Police Can Settle With Fred Hampton Jr.

     OAKLAND, Calif. (CN) – Oakland and Emeryville can settle claims that police arrested Fred Hampton Jr. and three friends at gunpoint without probable cause, a federal judge ruled.
     The parties agreed to dismiss the case with prejudice Tuesday, according to an order from U.S. Magistrate Judge Donna M. Ryu.
     Hampton’s father, Black Panther Party leader Fred Hampton, was shot to death in his sleep in 1969 by Chicago police and FBI agents. Deborah Johnson, Fred Hampton Jr.’s mother, gave birth four weeks later.
     Tuesday’s dismissal came the day after Ryu partially dismissed Emeryville and Oakland’s motion for summary judgment in the civil rights action brought against them by Hampton, Nyoka Lowery, Dawn Scott and Ramal Lamar.
     The incident began when a woman reported that two women, one of whom was African American, had attacked her with pepper spray and stolen her purse, which contained her iPhone. She said the thieves drove off in a white Toyota with gray trim.
     Emeryville police Officer Richard Lee then saw Lowery, who allegedly matched the suspect’s description, driving a silver Mitsubishi. Though her car did not match the description, Lee followed Lowery on the grounds that she was driving away from the scene of the crime and because eyewitnesses often mistake the make, model and color of cars, according to the ruling.
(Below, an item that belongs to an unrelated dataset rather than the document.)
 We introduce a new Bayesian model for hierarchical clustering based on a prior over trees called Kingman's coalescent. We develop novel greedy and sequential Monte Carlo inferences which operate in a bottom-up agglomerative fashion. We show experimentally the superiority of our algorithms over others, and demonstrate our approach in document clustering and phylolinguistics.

     The plaintiffs said they were driving toward the scene of the robbery, on their way to Target. They claim the police did not start following them until an officer going the opposite direction made eye contact with Hampton, who was in the front seat.
     Lee followed them to the Target parking lot and pulled behind Lowery as she parked. Two other Emeryville police officers arrived seconds later.
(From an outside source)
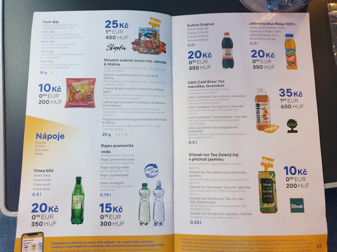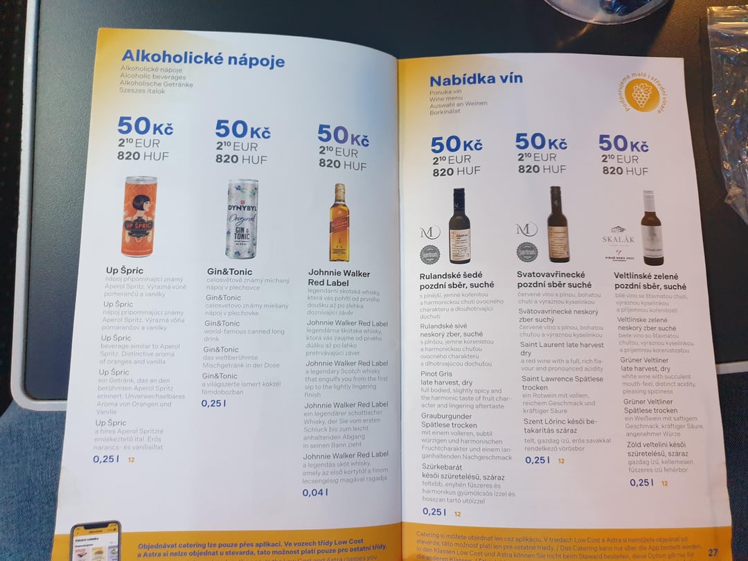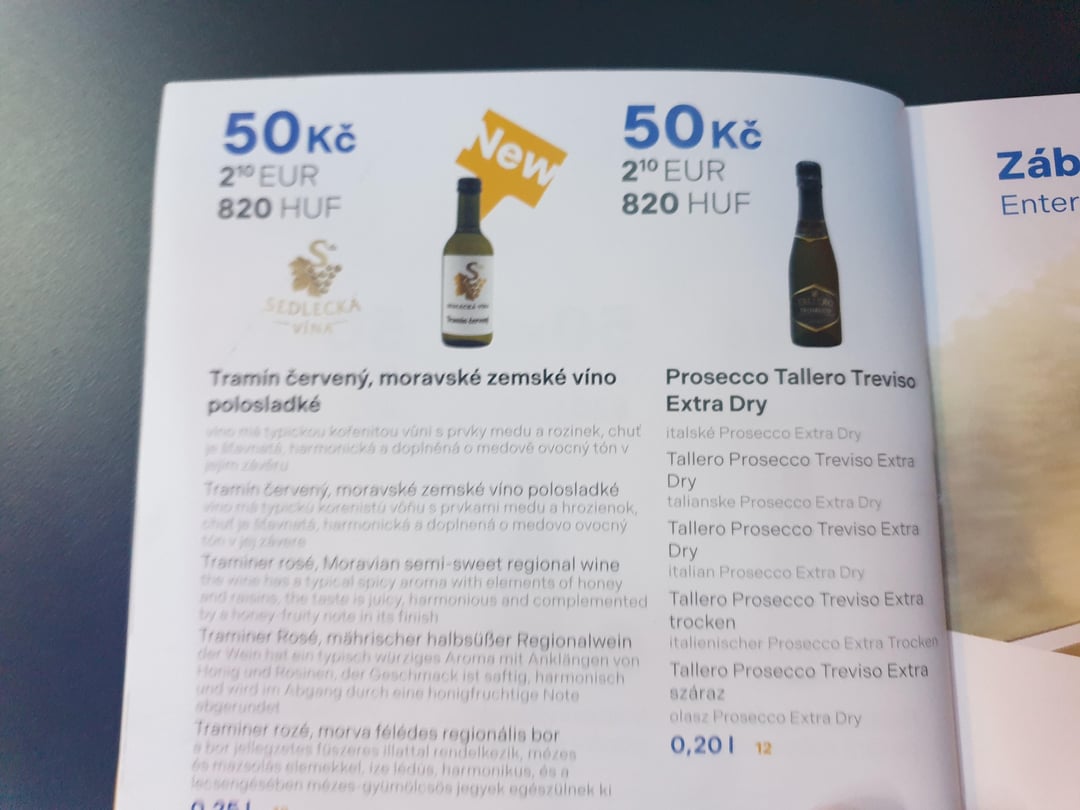 さらに、ミネラルウォーターのボトルとコーヒー1杯が料金に含まれています(ウィーン-プラハ-ウィーン2人で59ユーロ、本来なら79ユーロですが、バレンタインデーにちなんで1人の往復航空券の料金が免除され、約20ユーロでした)。

     The plaintiffs said the officers ordered them out of the car at gunpoint and handcuffed them, and did not release them until the victim arrived and said that none of them had robbed her.
     The plaintiffs claimed the detention lasted 60 to 90 minutes, while the police said it took from 35 minutes to an hour.
     Hampton et al. sued Emeryville and Oakland in July 2013 on nine causes of action, including civil rights violations, battery by a police officer and false imprisonment. In September this year they moved to amend to substitute the Doe defendants with Emeryville Officers Lee and Yu and Oakland Officers Ko and Carter.
     Ryu denied their petition to amend on the grounds that they filed it five days after the defendants moved for summary judgment.
     The plaintiffs acknowledged that they knew which officers were involved as early as September 2013 and that nothing had stopped them from deposing them to determine the extent of their involvement. Given these facts, the court found that their motion amounted to an “improper attempt to avoid dismissal.”
     Ryu dismissed four additional claims because the plaintiffs conceded they had no evidence to support them, as well as all of Lowery and Scott’s claims against Oakland.
     But she refused to dismiss their false imprisonment claims against Emeryville because the “totality of the circumstances” and the facts of the matter indicated that the plaintiffs’ detention amounted to an arrest, which the police had no probable cause to enact.
     Scott’s state law battery claim against Emeryville also passed Ryu’s muster because there was a dispute as to how long she sat in the back of the patrol car, crying and complaining about the pain in her arm before the officers switched her handcuffs to the front.
     Ryu refused to dismiss Lamar and Hamptons’ false imprisonment claims against Oakland for similar reasons, saying its officers had no probable cause to arrest the two men.